Canada has taken extensive steps in the wake of Russian interference in the 2016 presidential election to fight foreign meddling and will find out soon if its efforts will pay off when the country's next national campaign kicks off.
"The way the Canadians have responded to the problem of technology and democracy is much more impressive than what we've seen in Washington," Ben Scott, a former Hillary Clinton official who is now based in Toronto and tracks disinformation campaigns, told Politico. "Pound for pound, Canada is way ahead of the U.S. in terms of policy development on these issues."
Canada's plan centers on its Critical Election Incident Public Protocol, which outlines steps aimed at notifying political parties and the public about foreign interference.

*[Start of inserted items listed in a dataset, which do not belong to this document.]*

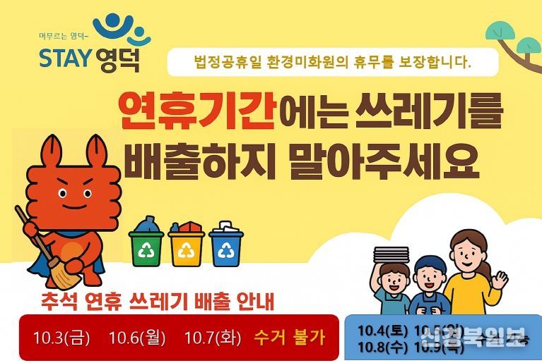 [ 신경북일보 ] 영덕군은 환경미화원의 휴무를 보장하고 업무 능률을 높이기 위해 추석 연휴 기간인 다음 달 3, 6, 7일 사흘간 쓰레기 수거 업무를 일시적으로 중단한다.
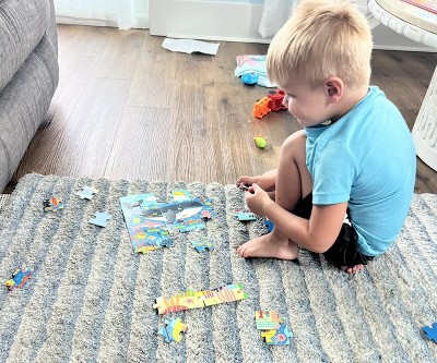 A: The puzzle set focuses on developing problem-solving skills in children.
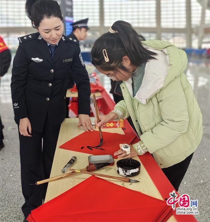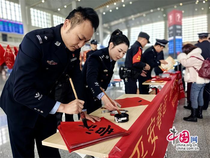 本次活動由莆田車站派出所牽頭組織,聯合中信銀行、莆田站共同開展。活動期間,民警與志愿者在莆田站甬廣場候車室為旅客發(fā)放高鐵安全宣傳單及春聯,并由青年民警現場書寫春聯、福字送給來往旅客,將平安、溫馨傳遞給每一個人。
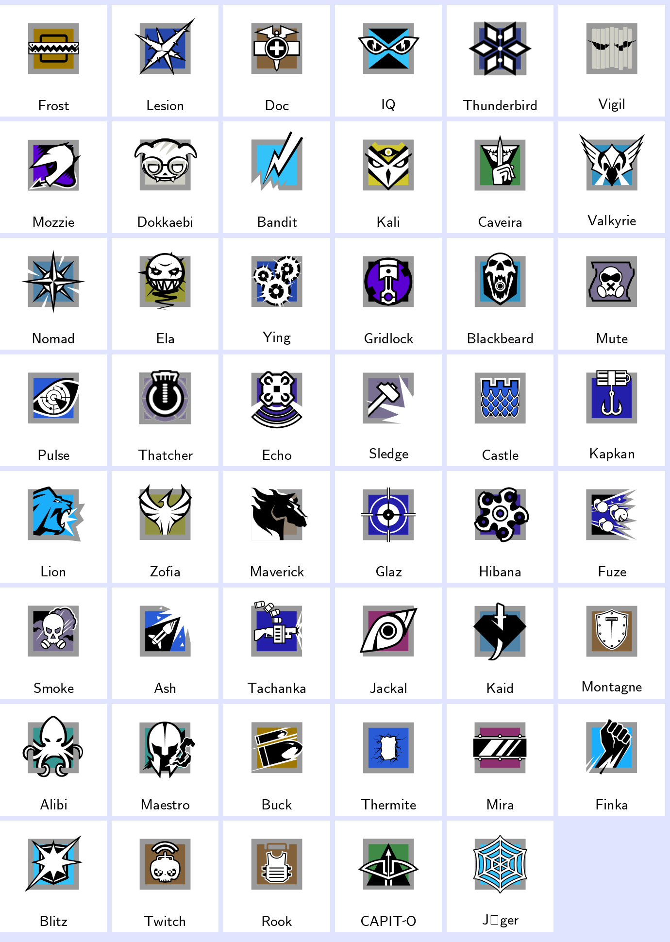 Some Operators: Frost, Lesion, Doc, Iq, Thunderbird, Vigil, Mozzie, Dokkaebi, Bandit, Kali…
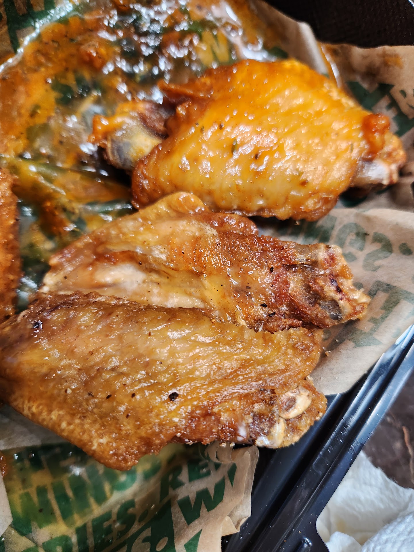 There was almost no seasoning on my order. The first pic is mango habanero and lemon pepper. When I saw the lemon pepper I was so confused because there was almost no seasoning on any of the wings. I thought they mistakenly gave me plain wings until I flipped some of them and saw a tiny sprinkling of the pepper. The mango habanero could’ve been a dry rub, there was almost no sauce. Second pic are fries and hot honey rub wings. The hot honey was again barely seasoned. The fries were underdone, soggy and also under seasoned. Pretty sad overall. If only one wing flavor was under seasoned, I wouldn’t mind. I don’t even really care about the fries because Wingstop’s fries are always a hit or miss. But if my entire chicken order tastes like boiled chicken with a hint of lemon/honey/mango, that tells me that this is likely a persistent issue at this location. Seems like based on the other reviews that under-seasoning is a consistent problem. I’ll be happily driving an extra ten minutes to other Wingstops for...

The project includes a five-person team of non-partisan bureaucrats and is responsible for sounding the alarm on meddling, including foreign cyberattacks on political groups and online disinformation campaigns.

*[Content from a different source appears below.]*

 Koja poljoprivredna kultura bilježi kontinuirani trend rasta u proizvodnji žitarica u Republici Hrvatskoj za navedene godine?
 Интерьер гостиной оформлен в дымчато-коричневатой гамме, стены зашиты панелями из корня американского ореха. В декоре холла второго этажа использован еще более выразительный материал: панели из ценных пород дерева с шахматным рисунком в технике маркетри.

Prime Minister Justin Trudeau's administration last year passed transparency rules for online political ads and ordered intelligence services to disclose foreign threats publicly. The country has also housed a G-7 project that shared intelligence between allies about foreign disinformation and has created a non-partisan group that warns the public and political parties about interference.
Trudeau is in a tight race with Conservative Party leader Andrew Scheer for the prime minister spot, which is determined by whichever party wins the most seats in Canada's 338-member Parliament race in the Oct. 21 election.
Officials, however, are skeptical that the country can keep out foreign interference. Trudeau's critics say his government is focused on Russia, while Canadian groups with U.S. funding backed his own 2015 campaign.